Honorable Mention: Whole Lotta Red – Playboi Carti

Finnegan Smith: External Music Director

This was a rough year for all of us, but thankfully it was a great year for music. With many big-name artists withholding their music until tours and live events are back on the table, underground artists took the opportunity to make a name for themselves.

This was a personal year of musical discovery for me, as the pandemic provided me with a fair amount of free time. The pandemic brought me from a successful student actor and new intern at the MCASB to an online college student forced to grapple with the sudden termination of future endeavors and opportunities. I spent the first couple months of the pandemic living more or less in isolation as many of my housemates went home for the rest of the school year when the news of online learning came out. I took advantage of this free time by exploring niche genres, discovering foreign artists, and catching up on old classics.

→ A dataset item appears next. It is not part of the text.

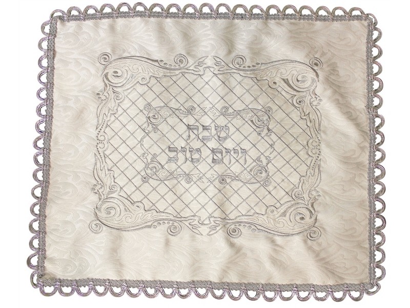 and Yom Tov”, embroidered in the center. A diagonal stitching in each

My obsession with consuming new music drew me to the Music Director position here at KCSB, where my new friends and colleagues have made isolated living much less lonely.

Here are my top 25 albums of the year, from artists who made this year a whole lot more manageable.

  1. Windswept Adan – Ichiko Aoba
  2. Visions of Bodies Being Burned – clipping.
  3. Ultimate Success Today – Protomartyr
  4. Fetch the Bolt Cutters – Fiona Apple
  5. Purple Moonlight Pages – R.A.P. Ferreira
  6. 真っ黒 – tricot
  7. Punisher – Phoebe Bridgers
  8. Notre-Dame-des-Sept-Douleurs – Klô Pelgag
  9. Alfredo – Freddie Gibbs & The Alchemist
  10. Sawayama – Rina Sawayama
  11. Phoenix: Flames Are Dew Upon My Skin – Eartheater
  12. RTJ4 – Run the Jewels
  13. Stray – Bambara
  14. Heaven to a Tortured Mind – Yves Tumor
  15. Charmed – DJ Sabrina the Teenage DJ
  16. Ho, Why Is You Here? – Flo Milli
  17. How I’m Feeling Now – Charli XCX
  18. Mestarin kynsi – Oranssi Pazuzu
  19. Couldn’t Wait to Tell You… – Liv.e
  20. NO – Boris
  21. Shore – Fleet Foxes
  22. What’s Tonight to Eternity – Cindy Lee
  23. NO DREAM – Jeff Rosenstock
  24. Brainworks – Dirty Bird
  25. Éons – Neptunian Maximalism

Honorable Mention: Because of a Flower – Ana Roxanne

 

The Music Department and the rest of KCSB’s Executive Committee wish you a peaceful and prosperous new year in 2021! May music keep us connected.